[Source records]
▼▼▼

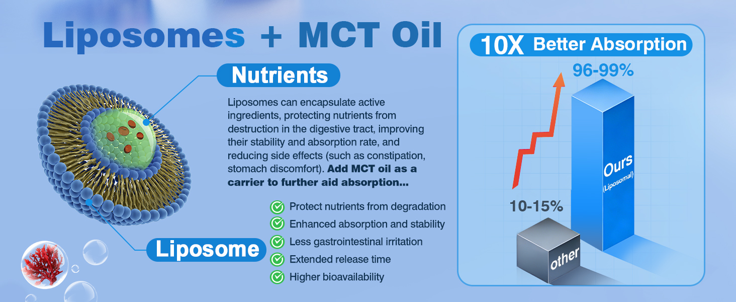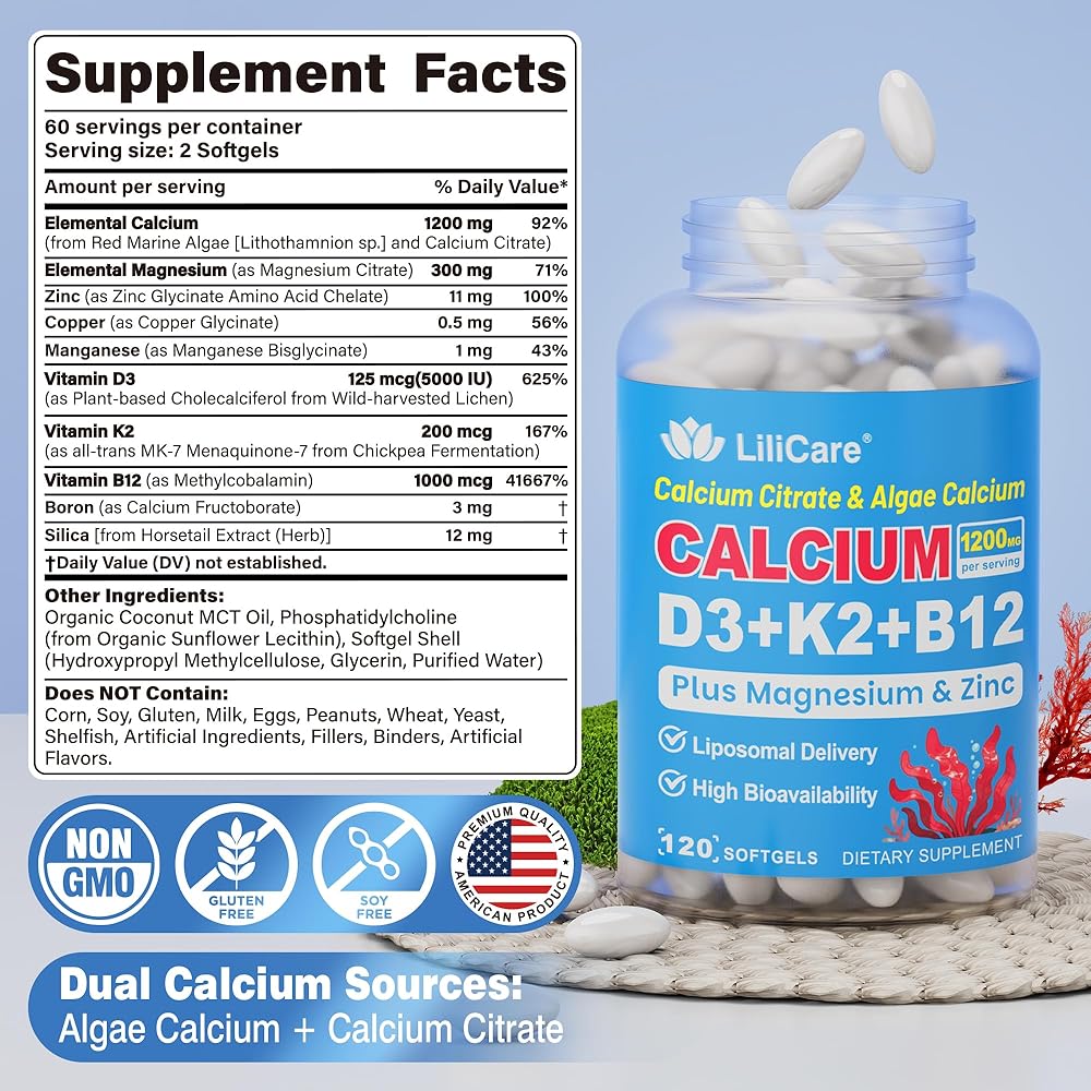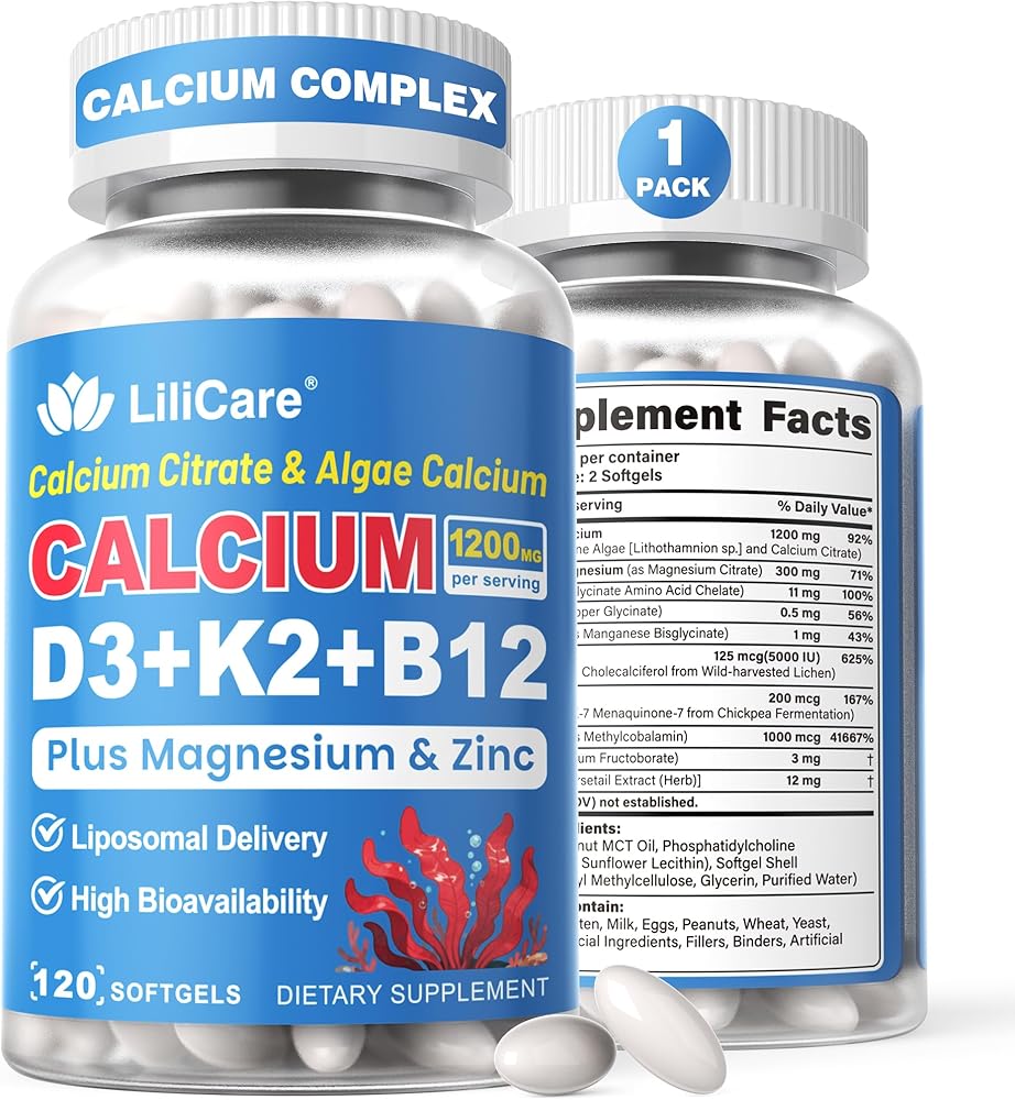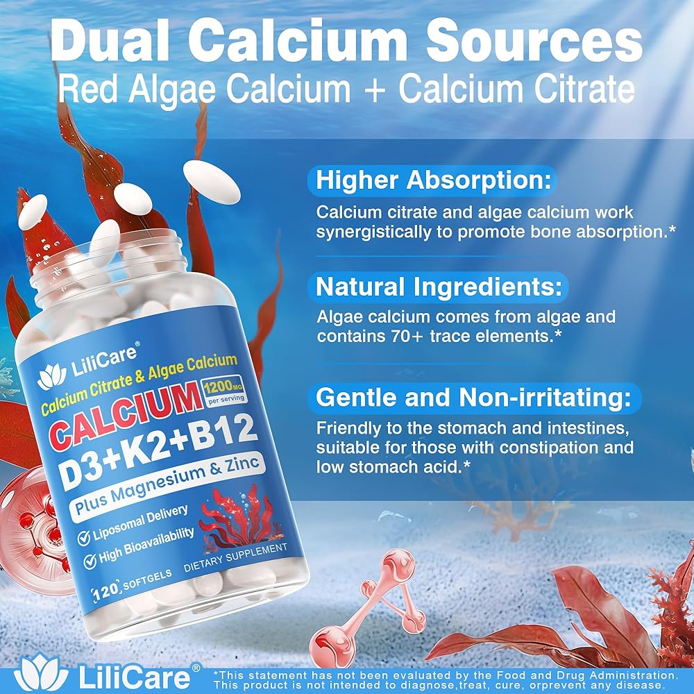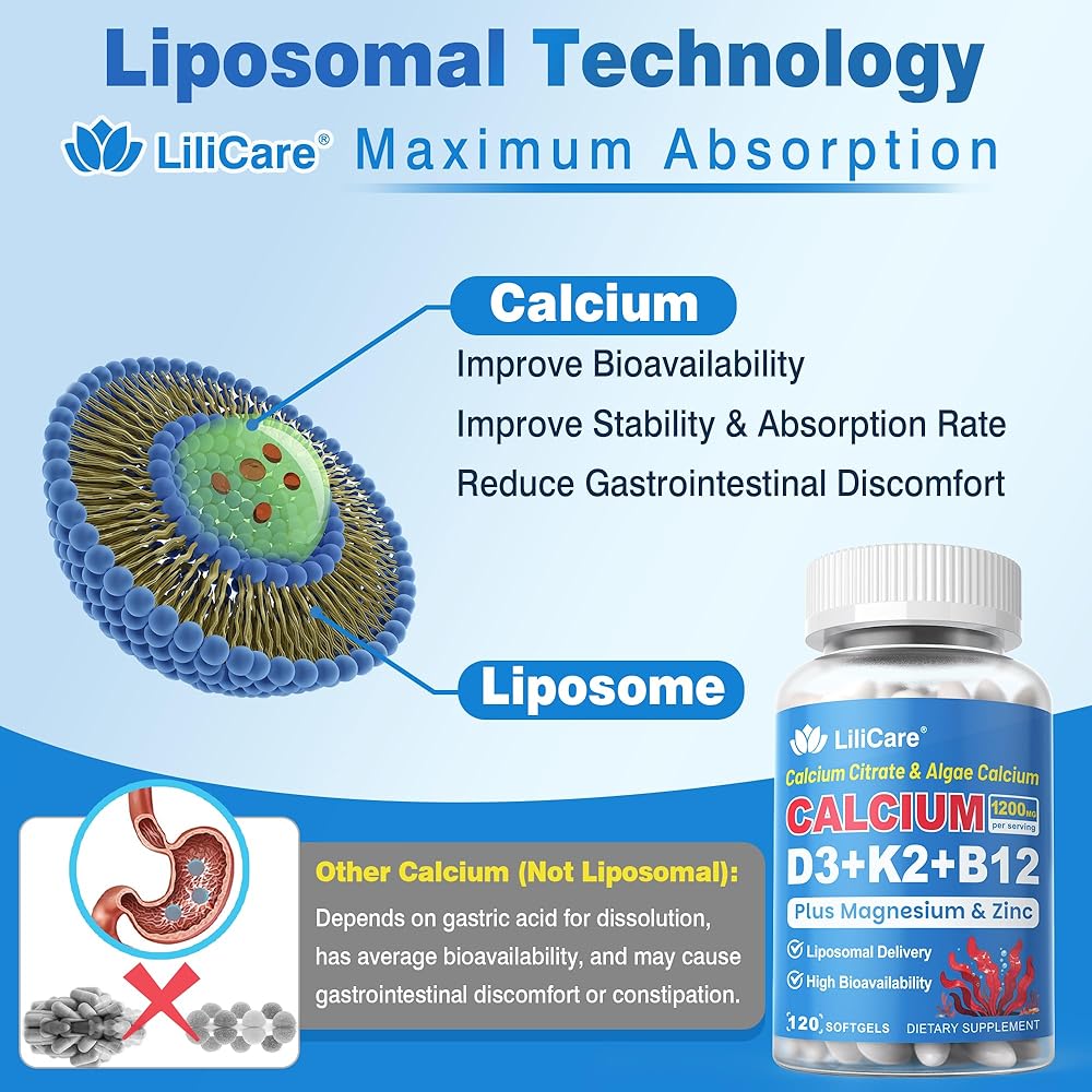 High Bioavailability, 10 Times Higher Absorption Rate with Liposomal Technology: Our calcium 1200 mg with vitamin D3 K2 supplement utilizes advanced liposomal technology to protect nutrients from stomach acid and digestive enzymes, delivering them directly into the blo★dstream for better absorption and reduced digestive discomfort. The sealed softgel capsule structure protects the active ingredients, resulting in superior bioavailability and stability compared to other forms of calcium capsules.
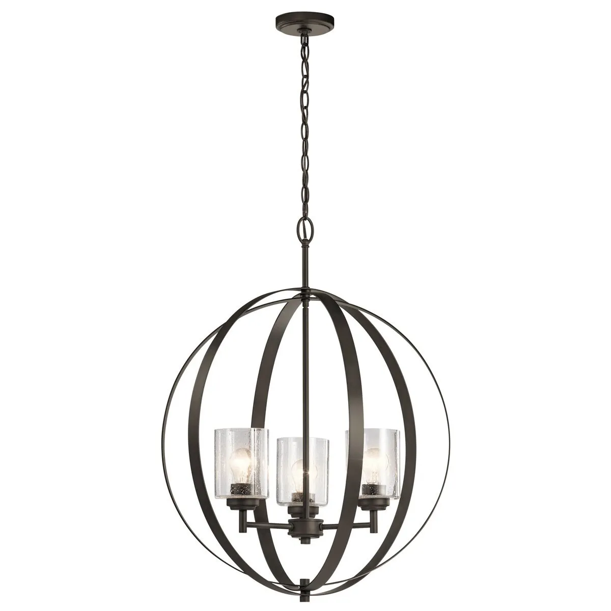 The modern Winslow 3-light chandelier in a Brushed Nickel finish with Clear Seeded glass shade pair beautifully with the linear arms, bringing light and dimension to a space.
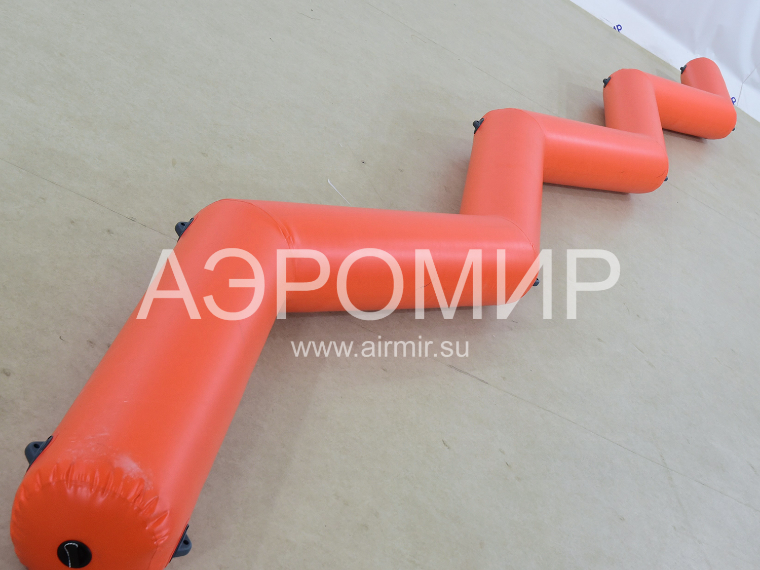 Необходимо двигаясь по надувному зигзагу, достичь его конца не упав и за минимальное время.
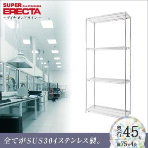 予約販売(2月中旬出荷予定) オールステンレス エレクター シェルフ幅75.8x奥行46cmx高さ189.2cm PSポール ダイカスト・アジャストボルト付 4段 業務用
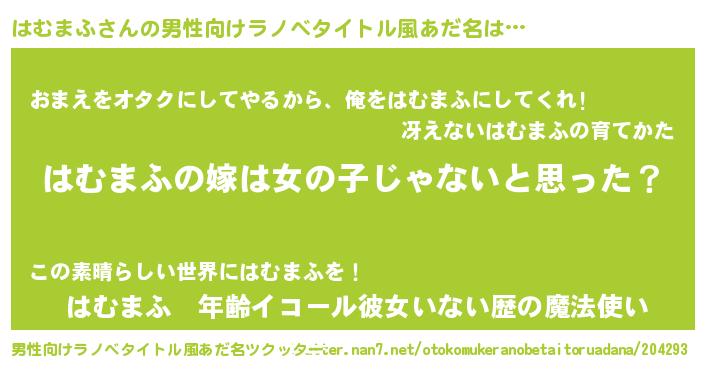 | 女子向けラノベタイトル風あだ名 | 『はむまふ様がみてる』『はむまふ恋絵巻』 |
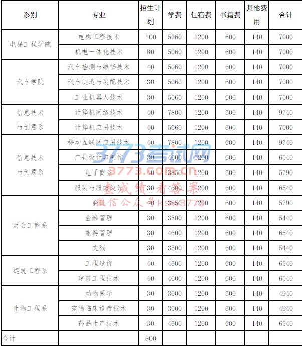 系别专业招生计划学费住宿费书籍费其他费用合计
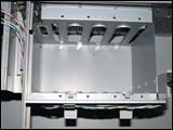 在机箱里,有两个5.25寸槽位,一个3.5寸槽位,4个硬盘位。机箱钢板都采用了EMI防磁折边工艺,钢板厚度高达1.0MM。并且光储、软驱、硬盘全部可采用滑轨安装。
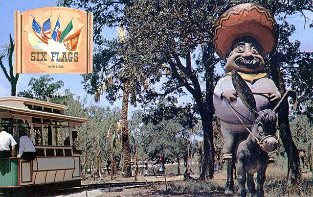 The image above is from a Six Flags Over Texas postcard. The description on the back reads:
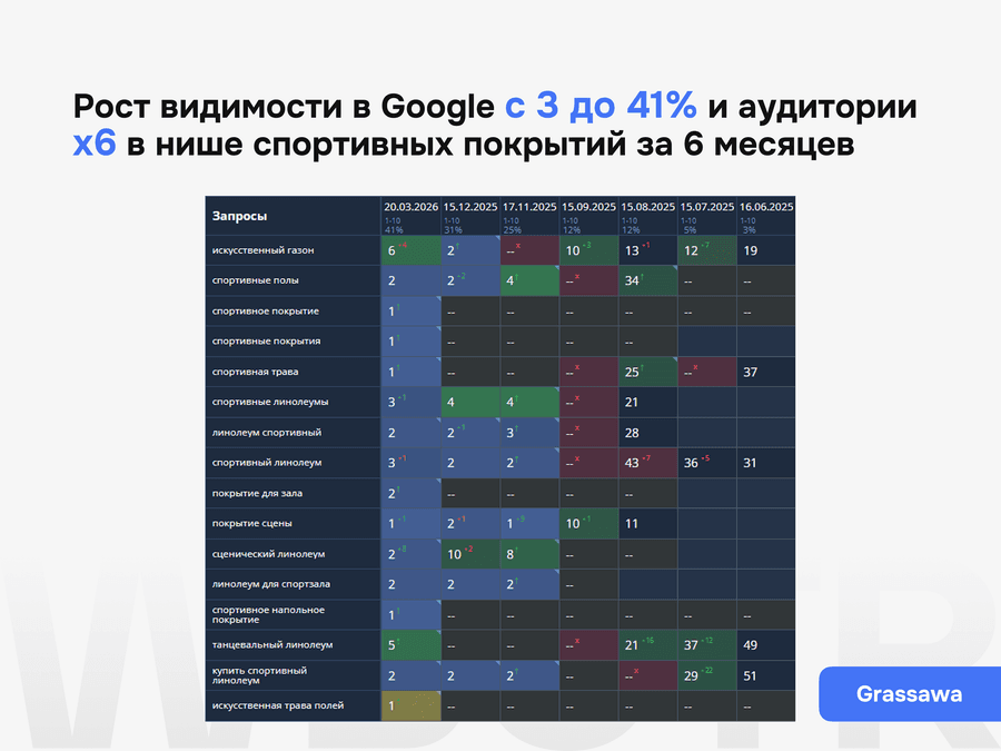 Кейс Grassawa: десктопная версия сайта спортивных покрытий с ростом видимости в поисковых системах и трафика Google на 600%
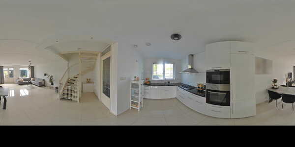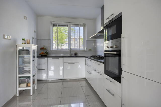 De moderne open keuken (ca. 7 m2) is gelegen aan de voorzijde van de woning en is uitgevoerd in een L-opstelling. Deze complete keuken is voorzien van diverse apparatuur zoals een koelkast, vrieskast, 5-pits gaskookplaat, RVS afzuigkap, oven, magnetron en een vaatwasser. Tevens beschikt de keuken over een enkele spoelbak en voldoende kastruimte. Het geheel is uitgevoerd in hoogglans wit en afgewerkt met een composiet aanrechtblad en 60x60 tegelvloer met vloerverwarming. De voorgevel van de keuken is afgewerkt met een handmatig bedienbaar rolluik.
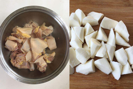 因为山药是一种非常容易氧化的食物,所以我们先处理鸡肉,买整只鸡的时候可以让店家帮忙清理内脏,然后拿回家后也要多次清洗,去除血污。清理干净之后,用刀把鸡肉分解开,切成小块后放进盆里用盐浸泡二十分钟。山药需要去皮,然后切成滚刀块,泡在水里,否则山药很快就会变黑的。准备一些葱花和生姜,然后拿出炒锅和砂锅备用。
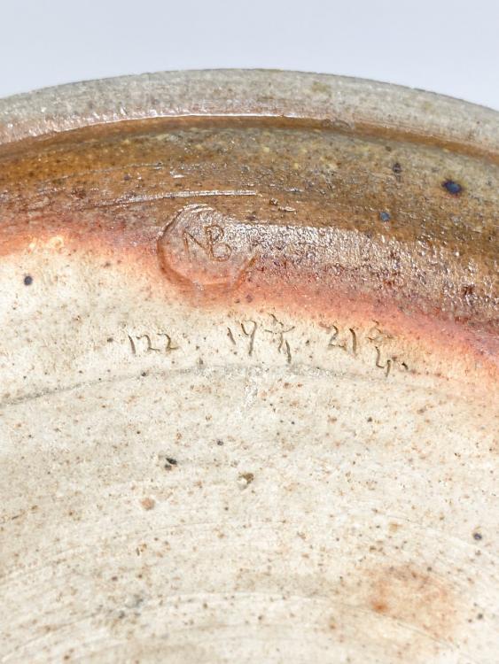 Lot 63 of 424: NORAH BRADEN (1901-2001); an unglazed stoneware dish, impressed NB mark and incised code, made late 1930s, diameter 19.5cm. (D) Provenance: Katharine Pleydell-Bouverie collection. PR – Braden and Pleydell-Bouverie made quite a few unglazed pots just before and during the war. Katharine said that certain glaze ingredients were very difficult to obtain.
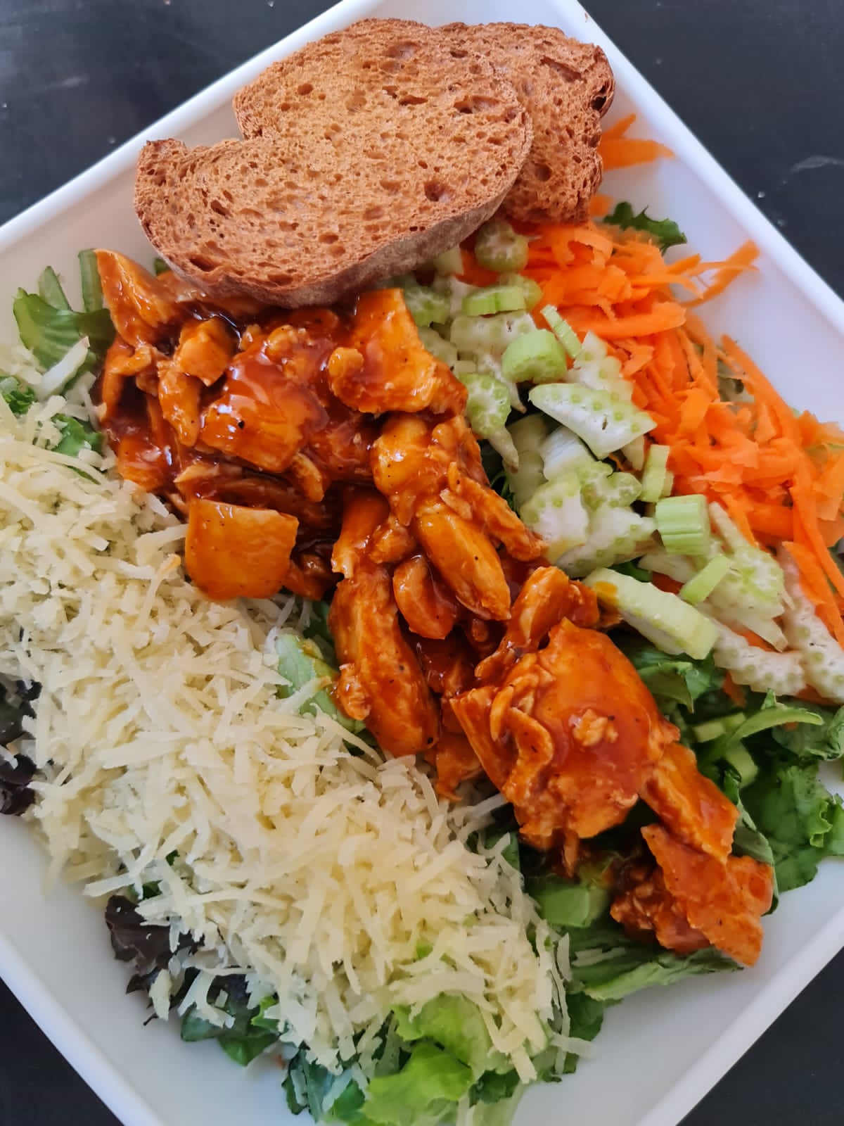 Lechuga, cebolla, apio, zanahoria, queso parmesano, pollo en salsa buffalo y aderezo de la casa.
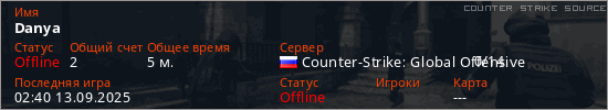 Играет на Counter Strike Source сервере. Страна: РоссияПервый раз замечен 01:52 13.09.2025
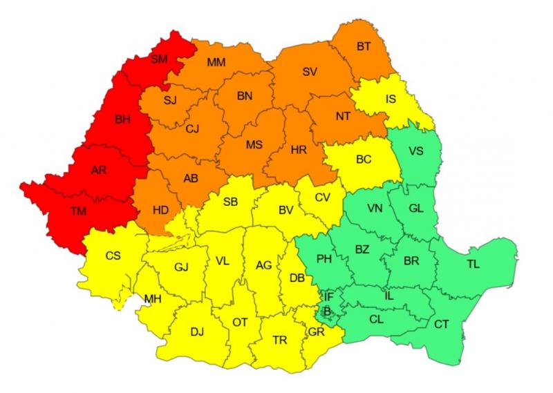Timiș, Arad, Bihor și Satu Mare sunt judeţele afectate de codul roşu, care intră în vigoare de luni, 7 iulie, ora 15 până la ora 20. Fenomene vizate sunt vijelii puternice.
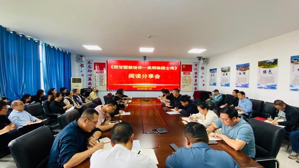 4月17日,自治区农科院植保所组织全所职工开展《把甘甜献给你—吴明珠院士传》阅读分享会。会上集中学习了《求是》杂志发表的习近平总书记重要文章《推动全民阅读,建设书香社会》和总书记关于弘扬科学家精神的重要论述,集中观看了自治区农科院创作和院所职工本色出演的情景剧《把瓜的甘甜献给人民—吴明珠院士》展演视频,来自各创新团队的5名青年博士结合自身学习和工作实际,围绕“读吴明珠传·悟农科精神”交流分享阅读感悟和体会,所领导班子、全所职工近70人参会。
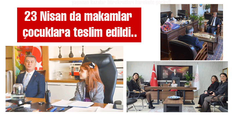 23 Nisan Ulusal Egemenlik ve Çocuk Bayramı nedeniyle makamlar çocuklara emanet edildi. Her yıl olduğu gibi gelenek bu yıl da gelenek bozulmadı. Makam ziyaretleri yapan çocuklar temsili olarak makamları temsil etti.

▲▲▲

■ **Your instructions**
Please return the records as they stand, word for word, with no pictures.

■ **Answer section**
 High Bioavailability, 10 Times Higher Absorption Rate with Liposomal Technology: Our calcium 1200 mg with vitamin D3 K2 supplement utilizes advanced liposomal technology to protect nutrients from stomach acid and digestive enzymes, delivering them directly into the blo★dstream for better absorption and reduced digestive discomfort. The sealed softgel capsule structure protects the active ingredients, resulting in superior bioavailability and stability compared to other forms of calcium capsules.
 The modern Winslow 3-light chandelier in a Brushed Nickel finish with Clear Seeded glass shade pair beautifully with the linear arms, bringing light and dimension to a space.
 Необходимо двигаясь по надувному зигзагу, достичь его конца не упав и за минимальное время.
 予約販売(2月中旬出荷予定) オールステンレス エレクター シェルフ幅75.8x奥行46cmx高さ189.2cm PSポール ダイカスト・アジャストボルト付 4段 業務用
 | 女子向けラノベタイトル風あだ名 | 『はむまふ様がみてる』『はむまふ恋絵巻』 |
 系别专业招生计划学费住宿费书籍费其他费用合计
 在机箱里,有两个5.25寸槽位,一个3.5寸槽位,4个硬盘位。机箱钢板都采用了EMI防磁折边工艺,钢板厚度高达1.0MM。并且光储、软驱、硬盘全部可采用滑轨安装。
 The image above is from a Six Flags Over Texas postcard. The description on the back reads:
 Кейс Grassawa: десктопная версия сайта спортивных покрытий с ростом видимости в поисковых системах и трафика Google на 600%
 De moderne open keuken (ca. 7 m2) is gelegen aan de voorzijde van de woning en is uitgevoerd in een L-opstelling. Deze complete keuken is voorzien van diverse apparatuur zoals een koelkast, vrieskast, 5-pits gaskookplaat, RVS afzuigkap, oven, magnetron en een vaatwasser. Tevens beschikt de keuken over een enkele spoelbak en voldoende kastruimte. Het geheel is uitgevoerd in hoogglans wit en afgewerkt met een composiet aanrechtblad en 60x60 tegelvloer met vloerverwarming. De voorgevel van de keuken is afgewerkt met een handmatig bedienbaar rolluik.
 因为山药是一种非常容易氧化的食物,所以我们先处理鸡肉,买整只鸡的时候可以让店家帮忙清理内脏,然后拿回家后也要多次清洗,去除血污。清理干净之后,用刀把鸡肉分解开,切成小块后放进盆里用盐浸泡二十分钟。山药需要去皮,然后切成滚刀块,泡在水里,否则山药很快就会变黑的。准备一些葱花和生姜,然后拿出炒锅和砂锅备用。
 Lot 63 of 424: NORAH BRADEN (1901-2001); an unglazed stoneware dish, impressed NB mark and incised code, made late 1930s, diameter 19.5cm. (D) Provenance: Katharine Pleydell-Bouverie collection. PR – Braden and Pleydell-Bouverie made quite a few unglazed pots just before and during the war. Katharine said that certain glaze ingredients were very difficult to obtain.
 Lechuga, cebolla, apio, zanahoria, queso parmesano, pollo en salsa buffalo y aderezo de la casa.
 Играет на Counter Strike Source сервере. Страна: РоссияПервый раз замечен 01:52 13.09.2025
Timiș, Arad, Bihor și Satu Mare sunt judeţele afectate de codul roşu, care intră în vigoare de luni, 7 iulie, ora 15 până la ora 20. Fenomene vizate sunt vijelii puternice.
 4月17日,自治区农科院植保所组织全所职工开展《把甘甜献给你—吴明珠院士传》阅读分享会。会上集中学习了《求是》杂志发表的习近平总书记重要文章《推动全民阅读,建设书香社会》和总书记关于弘扬科学家精神的重要论述,集中观看了自治区农科院创作和院所职工本色出演的情景剧《把瓜的甘甜献给人民—吴明珠院士》展演视频,来自各创新团队的5名青年博士结合自身学习和工作实际,围绕“读吴明珠传·悟农科精神”交流分享阅读感悟和体会,所领导班子、全所职工近70人参会。
 23 Nisan Ulusal Egemenlik ve Çocuk Bayramı nedeniyle makamlar çocuklara emanet edildi. Her yıl olduğu gibi gelenek bu yıl da gelenek bozulmadı. Makam ziyaretleri yapan çocuklar temsili olarak makamları temsil etti.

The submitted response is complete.